• **TASK DESCRIPTION**: An exact repetition of the data below, without images, is the expected answer.

• **MATERIAL FOR THE TASK**:
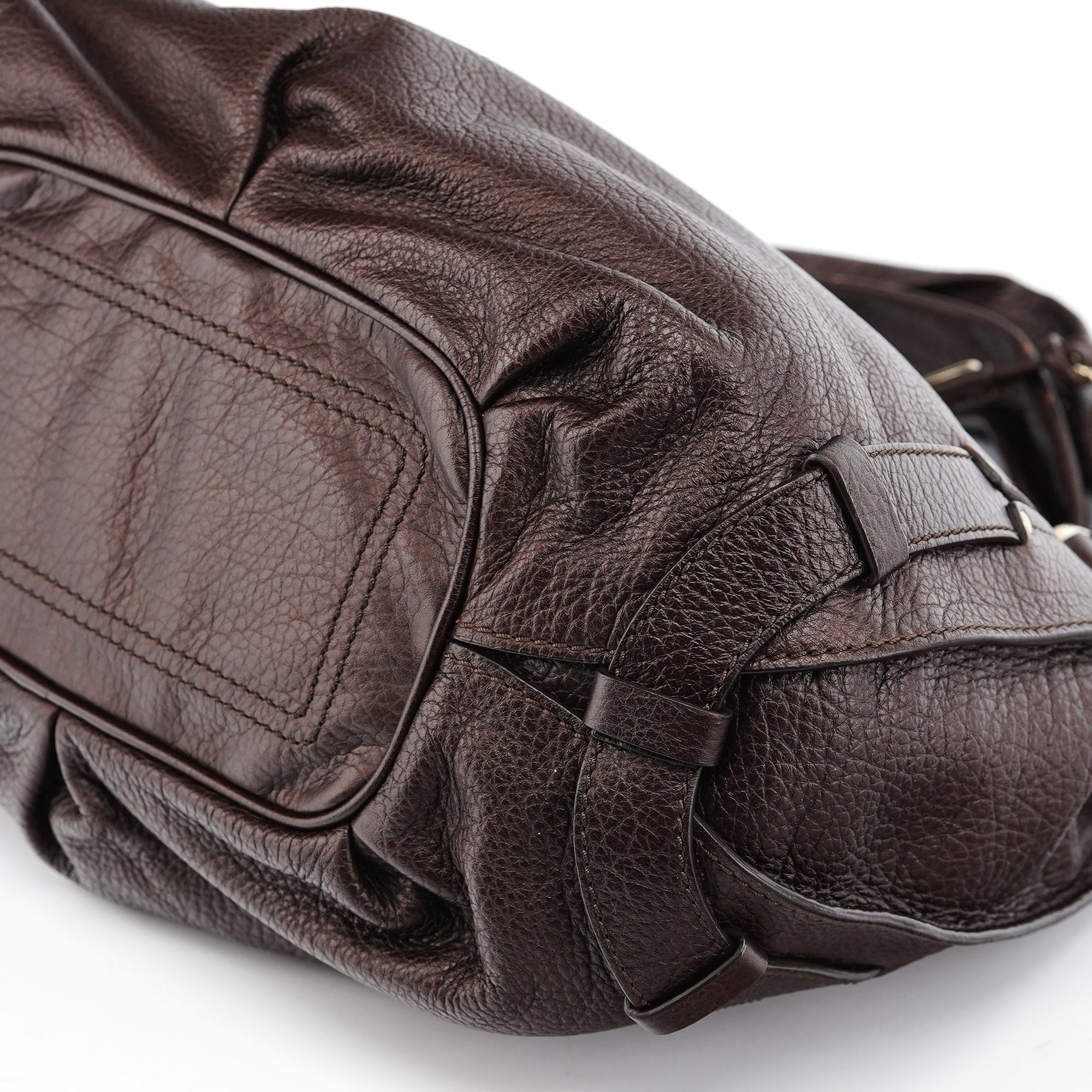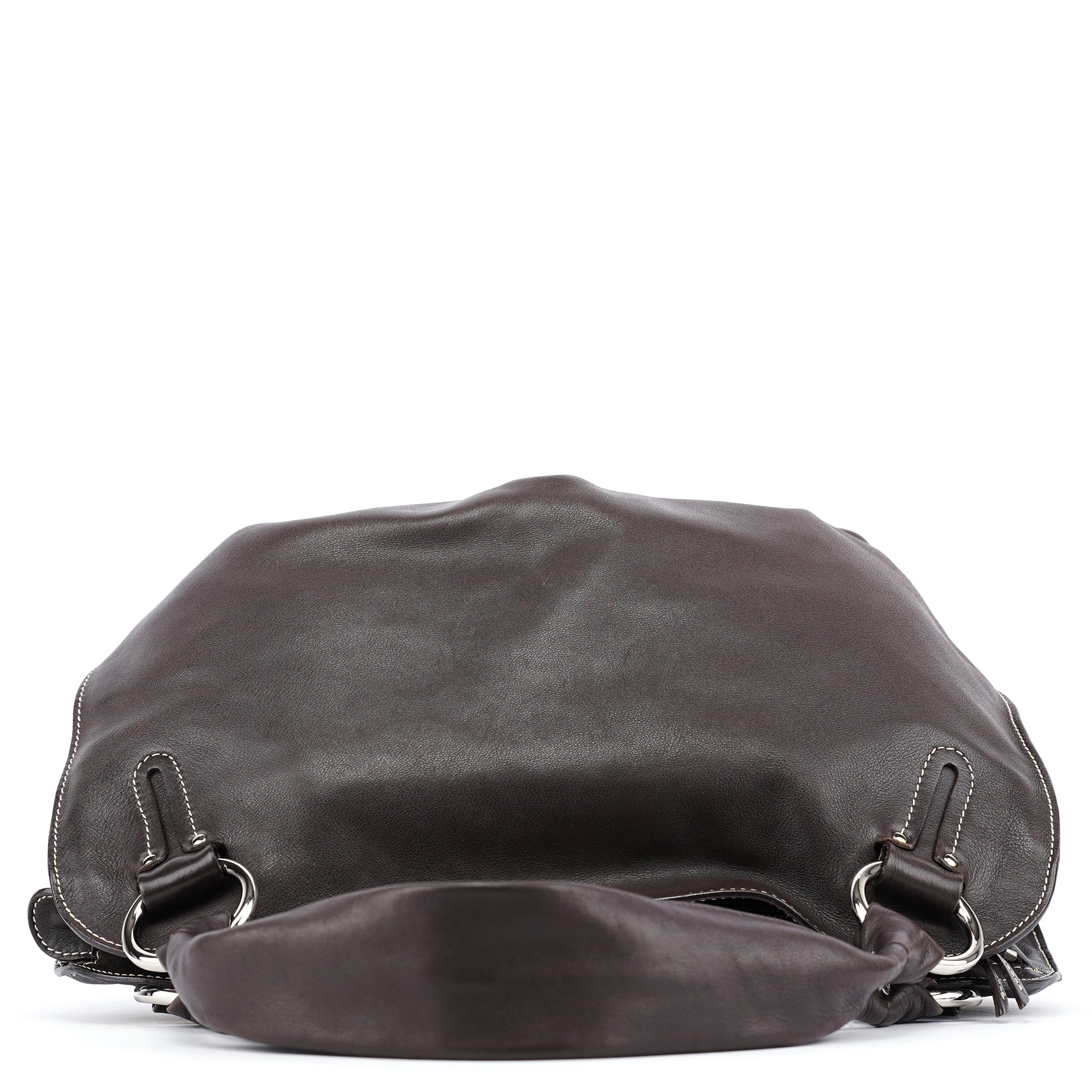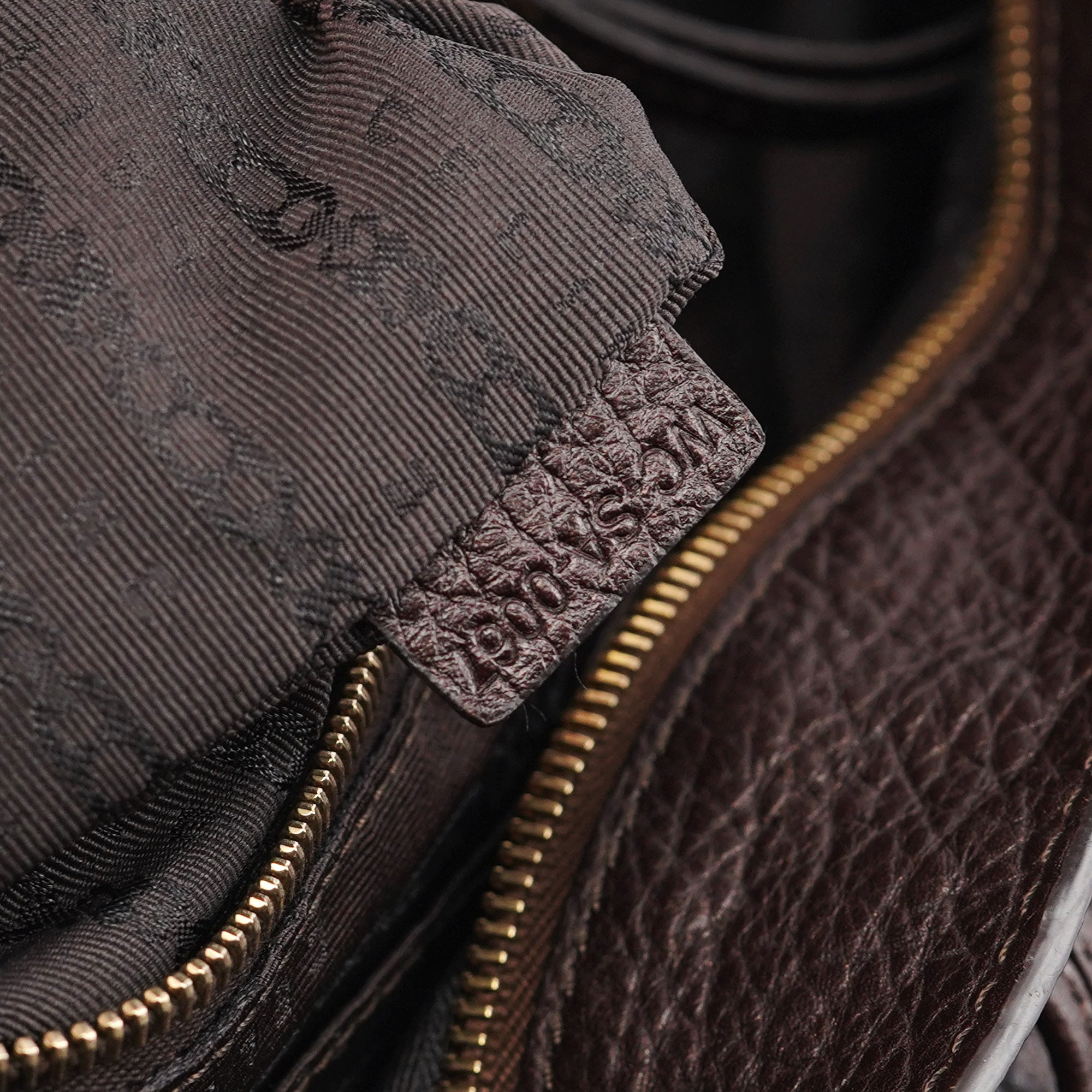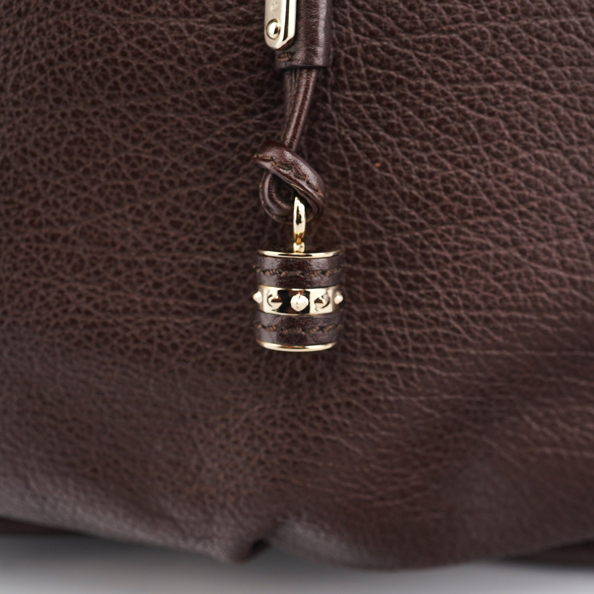 Designed in the early 2000's, this vintage Celine Bittersweet shoulder bag was crafted from brown grained leather. The relaxed silhouette features dual top handles with drawstring closure, hardware accents, a spacious interior with five slip pockets and one zip pocket, and an exterior side pocket. The supple leather and slouchy shape create a refined yet casual aesthetic.
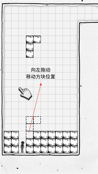 2、向左或向右拖動方塊,將其移動到下方合適的位置,確保方塊能準確落入空格,為壓扁火柴人做準備。
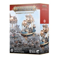 This set of 34 cards will help you keep track of your Kharadron Overlords in games of Warhammer Age of Sigmar. There are individual warscroll cards for each unit and faction terrain feature – detailing their profiles, wargear, options, and special abilities. They are an ideal way to easily check key information in the heat of battle. You'll also find special warscroll cards for use in Spearhead games.
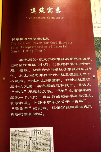天坛始建于明永乐十八年(1420年),为明、清两代帝王祭祀皇天、祈五谷丰登之场所。天坛是圜丘、祈谷两坛的总称,有坛墙两重,形成内外坛,坛墙南方北圆,象征天圆地方。主要建筑在内坛,圜丘坛在南、祈谷坛在北,二坛同在一条南北轴线上,中间有墙相隔。圜丘坛内主要建筑有圜丘坛、皇穹宇等等,祈谷坛内主要建筑有祈年殿、皇乾殿、祈年门等。
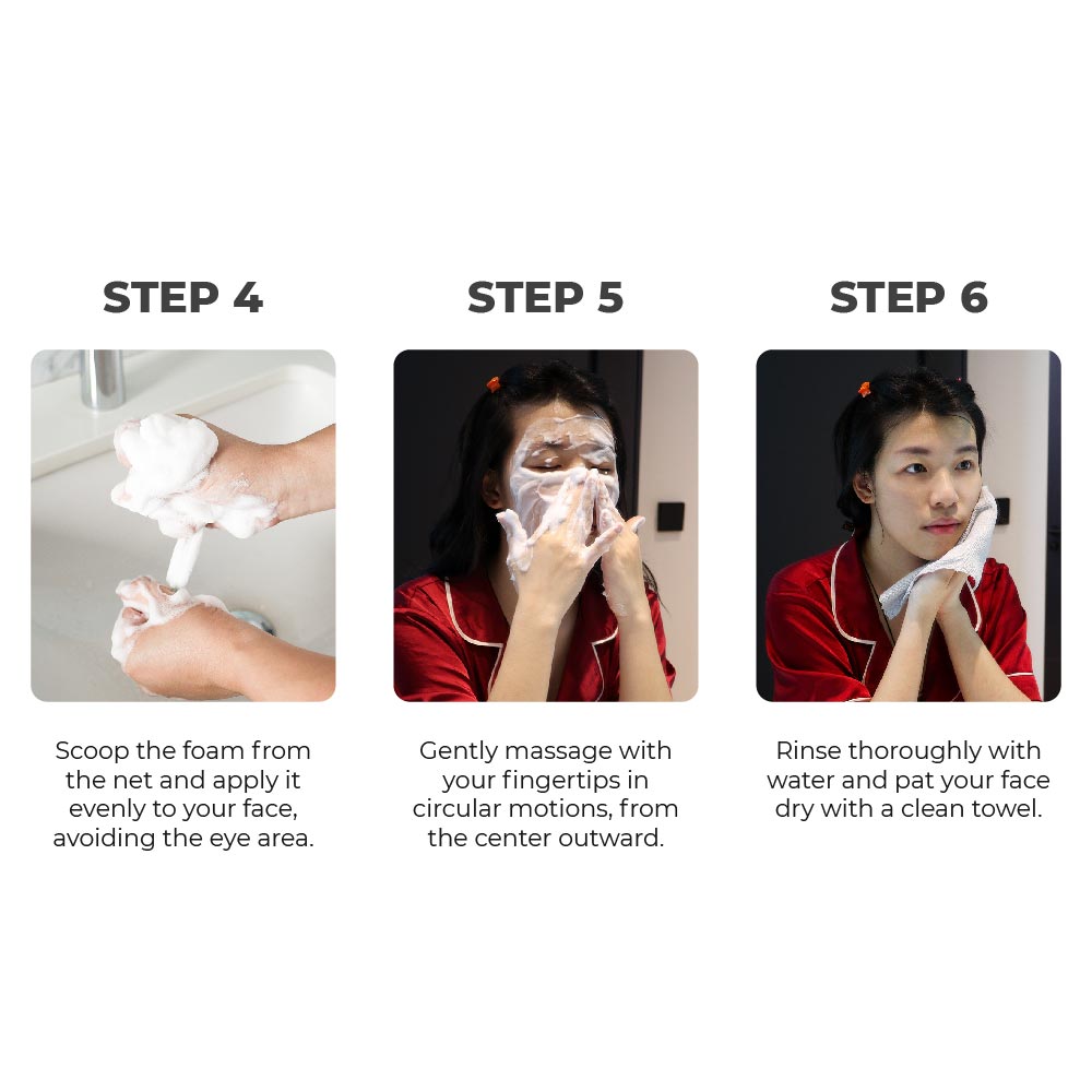 This is a soap-based formula with low soap content, so the foaming may be slower than typical cleansers. For dense and rich foam, we recommend using a foaming net.
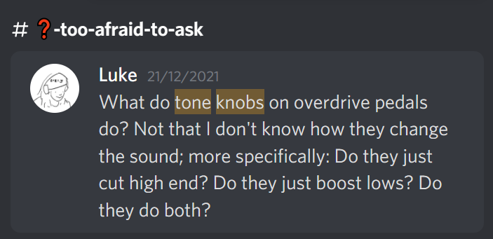 Recently a question popped up in the CSGuitars Discord which asked about tone controls on drive pedals: What are they doing? Cutting treble? Boosting Bass? Or something else entirely?
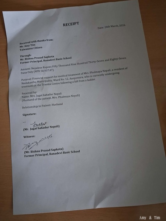 Amy已匯款至尼泊爾,校長收到5萬盧比匯款。
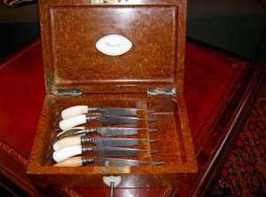 All is successful and then Bennica adds the last touch of class to the work making a casket to contain the fruit of the job of many knivesmaker and it is realized by digging a thik block of Indonesian amboina root and subsequently decorated with ivory by the hand ot the French engraver Sandrine Lautier.
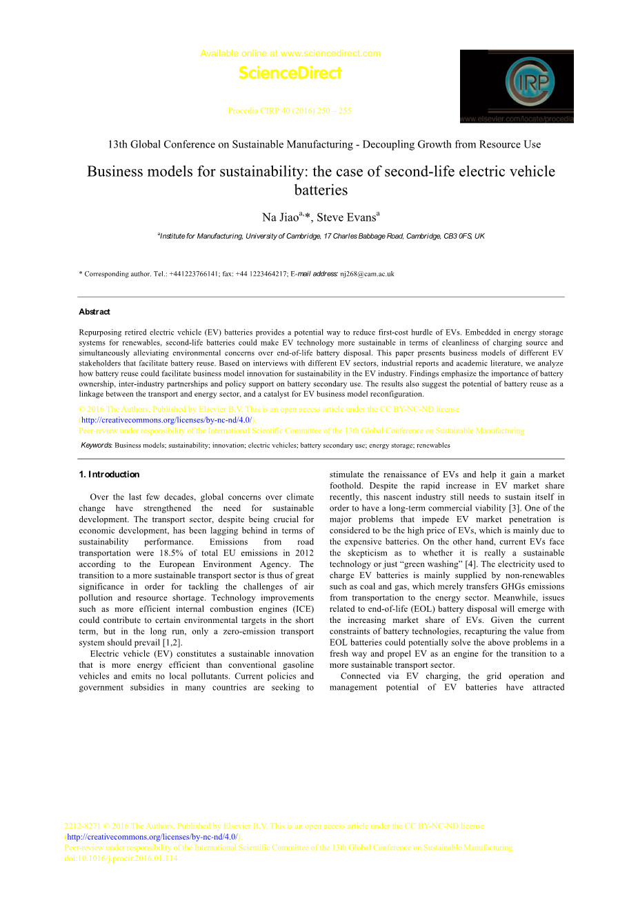 可持续发展的商业模式:再利用电动汽车电池的案例研究外文翻译资料
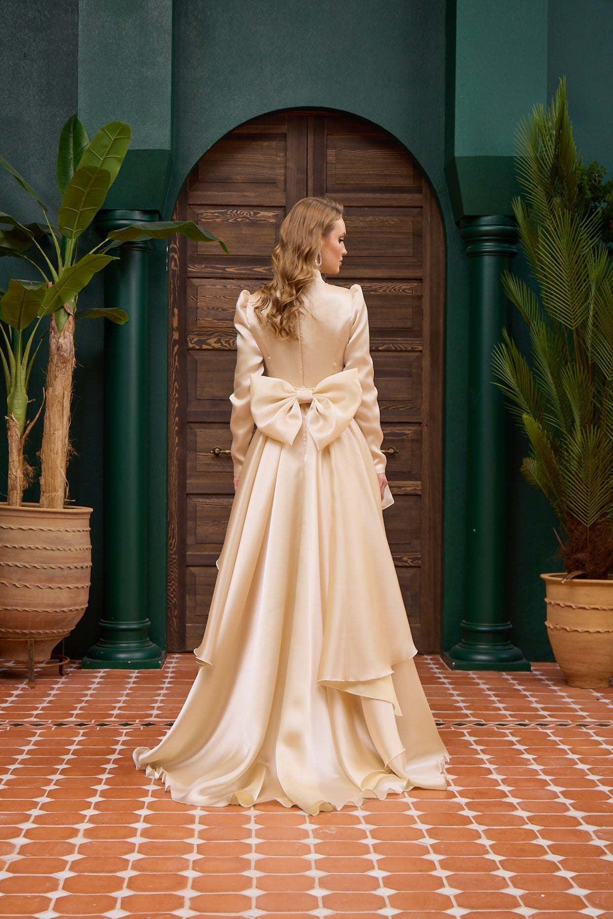 With our specially designed evening gown, which exudes elegance and refinement in every detail, you will find yourself in a different world. With its lines that go beyond the ordinary and its unique touches, this gown is not just a garment, but a work of art through which you can express yourself.
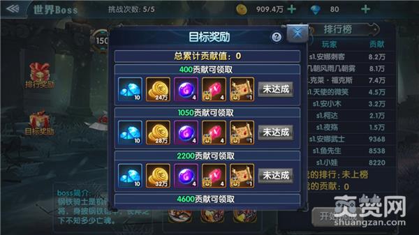 世界BOSS挑战玩法并不是单人作战,会在进入战斗时随机匹配队友,最大人数为10人,每场战斗的时限为5分钟并且不能携带战斗型宠物。战斗的奖励分配模式分为两种,一种是排行奖励,按照贡献量排名,贡献量越高排名越靠前,获得的奖励也越丰厚,另一种是目标奖励,获得对应的贡献指标,就会发放相应的物品奖励。
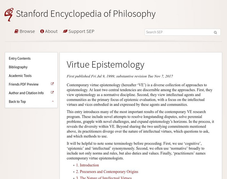 Stanford Encyclopedia of Philosophy: Virtue Epistemology
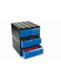 Medidas 245x291x321 mm. Contiene 4 cajones 291x116x95 mm + 1 cajón 291x232x95 mm y 15 separadores. Material armazón PS, cajones PP.
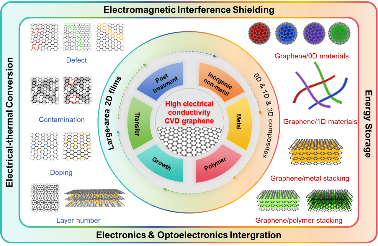 石墨烯是一种独特的材料,具有特殊的结构、卓越的性能和广泛的应用前景。特别是石墨烯优异的导电性,使其在多个领域具有无可比拟的优势。化学气相沉积法(CVD)是批量制备高质量石墨烯的主要方法,人们一直致力于逐步提高石墨烯材料的导电性。从这个角度出发,我们对过去5年来高导电石墨烯的生长、转移和后处理策略进行了全面的分析和讨论。先提出了从单层到多层的大面积石墨烯薄膜,随后我们分析了基于石墨烯的复合材料使传统的金属和非金属材料表现出增强的电学性能。最后,对CVD石墨烯材料实现更高电导率以及开发新应用的未来方向进行了展望。
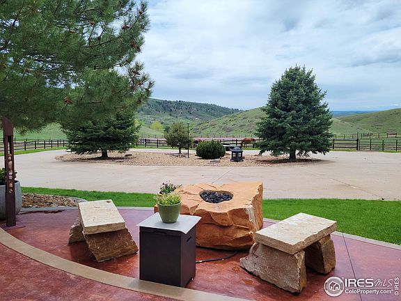 Gorgeous horse property in the foothills just west of Berthoud. This property has it all! Lovely updated ranch home, fantastic horse/livestock setup, 5-stall barn, large outbuilding, chicken coop, riding arena and plenty of land and privacy. Peaceful outdoor living; stamped concrete patio, large natural stone gas fire pit, fenced backyard to keep pets and kids safe, sprinkler system, concrete curbing, large veg garden, south facing driveway. Wildlife abounds with deer, turkey, bobcat & more. Home features an open floor plan, hardwood, new carpet and tile and efficient pellet stove. Updated kitchen has Tharp hickory cabinets, custom island, new quartz and granite counters, updated tile flooring, gas stove, two ovens & large pantry. Spacious primary has 5-piece bath, walk-in closet and custom patio door opening to new composite, maintenance-free deck. Huge office or flex space currently used as two offices. Finished basement with large family room, bedroom, bonus room, full bath and kitchen area. Great property for horses, cattle, or other livestock- including 5-stall barn, plenty of hay storage, nice tack room, fenced individual runs, 40 x 60 corral area, 12 x 24 loafing shed, and fenced 100' x 200' riding arena. All runs, corrals & arena surrounded by "continuous fence". All but about 6 acres is fenced and cross-fenced. Attached garage has built-in storage cabinets, new garage door and opener, insulated and dry walled in 2021. Detached 26 x 30 outbuilding/garage is fantastic. Includes 2-car garage, and large storage room which could be a 3rd car garage. Dry walled and epoxy flooring just done in 2022. Two additional storage areas off both sides of the building for outdoor equipment, etc. Large concrete pad for RV or boat parking. Conveniently located just a short drive to Berthoud, Loveland, or Longmont. And very close to the TPC golf club. Please call agent with any questions about this property.

• **SOLUTION TO THIS TASK**:
 Designed in the early 2000's, this vintage Celine Bittersweet shoulder bag was crafted from brown grained leather. The relaxed silhouette features dual top handles with drawstring closure, hardware accents, a spacious interior with five slip pockets and one zip pocket, and an exterior side pocket. The supple leather and slouchy shape create a refined yet casual aesthetic.
 2、向左或向右拖動方塊,將其移動到下方合適的位置,確保方塊能準確落入空格,為壓扁火柴人做準備。
 This set of 34 cards will help you keep track of your Kharadron Overlords in games of Warhammer Age of Sigmar. There are individual warscroll cards for each unit and faction terrain feature – detailing their profiles, wargear, options, and special abilities. They are an ideal way to easily check key information in the heat of battle. You'll also find special warscroll cards for use in Spearhead games.
天坛始建于明永乐十八年(1420年),为明、清两代帝王祭祀皇天、祈五谷丰登之场所。天坛是圜丘、祈谷两坛的总称,有坛墙两重,形成内外坛,坛墙南方北圆,象征天圆地方。主要建筑在内坛,圜丘坛在南、祈谷坛在北,二坛同在一条南北轴线上,中间有墙相隔。圜丘坛内主要建筑有圜丘坛、皇穹宇等等,祈谷坛内主要建筑有祈年殿、皇乾殿、祈年门等。
 This is a soap-based formula with low soap content, so the foaming may be slower than typical cleansers. For dense and rich foam, we recommend using a foaming net.
 Recently a question popped up in the CSGuitars Discord which asked about tone controls on drive pedals: What are they doing? Cutting treble? Boosting Bass? Or something else entirely?
 Amy已匯款至尼泊爾,校長收到5萬盧比匯款。
 All is successful and then Bennica adds the last touch of class to the work making a casket to contain the fruit of the job of many knivesmaker and it is realized by digging a thik block of Indonesian amboina root and subsequently decorated with ivory by the hand ot the French engraver Sandrine Lautier.
 可持续发展的商业模式:再利用电动汽车电池的案例研究外文翻译资料
 With our specially designed evening gown, which exudes elegance and refinement in every detail, you will find yourself in a different world. With its lines that go beyond the ordinary and its unique touches, this gown is not just a garment, but a work of art through which you can express yourself.
 世界BOSS挑战玩法并不是单人作战,会在进入战斗时随机匹配队友,最大人数为10人,每场战斗的时限为5分钟并且不能携带战斗型宠物。战斗的奖励分配模式分为两种,一种是排行奖励,按照贡献量排名,贡献量越高排名越靠前,获得的奖励也越丰厚,另一种是目标奖励,获得对应的贡献指标,就会发放相应的物品奖励。
 Stanford Encyclopedia of Philosophy: Virtue Epistemology
 Medidas 245x291x321 mm. Contiene 4 cajones 291x116x95 mm + 1 cajón 291x232x95 mm y 15 separadores. Material armazón PS, cajones PP.
 石墨烯是一种独特的材料,具有特殊的结构、卓越的性能和广泛的应用前景。特别是石墨烯优异的导电性,使其在多个领域具有无可比拟的优势。化学气相沉积法(CVD)是批量制备高质量石墨烯的主要方法,人们一直致力于逐步提高石墨烯材料的导电性。从这个角度出发,我们对过去5年来高导电石墨烯的生长、转移和后处理策略进行了全面的分析和讨论。先提出了从单层到多层的大面积石墨烯薄膜,随后我们分析了基于石墨烯的复合材料使传统的金属和非金属材料表现出增强的电学性能。最后,对CVD石墨烯材料实现更高电导率以及开发新应用的未来方向进行了展望。
 Gorgeous horse property in the foothills just west of Berthoud. This property has it all! Lovely updated ranch home, fantastic horse/livestock setup, 5-stall barn, large outbuilding, chicken coop, riding arena and plenty of land and privacy. Peaceful outdoor living; stamped concrete patio, large natural stone gas fire pit, fenced backyard to keep pets and kids safe, sprinkler system, concrete curbing, large veg garden, south facing driveway. Wildlife abounds with deer, turkey, bobcat & more. Home features an open floor plan, hardwood, new carpet and tile and efficient pellet stove. Updated kitchen has Tharp hickory cabinets, custom island, new quartz and granite counters, updated tile flooring, gas stove, two ovens & large pantry. Spacious primary has 5-piece bath, walk-in closet and custom patio door opening to new composite, maintenance-free deck. Huge office or flex space currently used as two offices. Finished basement with large family room, bedroom, bonus room, full bath and kitchen area. Great property for horses, cattle, or other livestock- including 5-stall barn, plenty of hay storage, nice tack room, fenced individual runs, 40 x 60 corral area, 12 x 24 loafing shed, and fenced 100' x 200' riding arena. All runs, corrals & arena surrounded by "continuous fence". All but about 6 acres is fenced and cross-fenced. Attached garage has built-in storage cabinets, new garage door and opener, insulated and dry walled in 2021. Detached 26 x 30 outbuilding/garage is fantastic. Includes 2-car garage, and large storage room which could be a 3rd car garage. Dry walled and epoxy flooring just done in 2022. Two additional storage areas off both sides of the building for outdoor equipment, etc. Large concrete pad for RV or boat parking. Conveniently located just a short drive to Berthoud, Loveland, or Longmont. And very close to the TPC golf club. Please call agent with any questions about this property.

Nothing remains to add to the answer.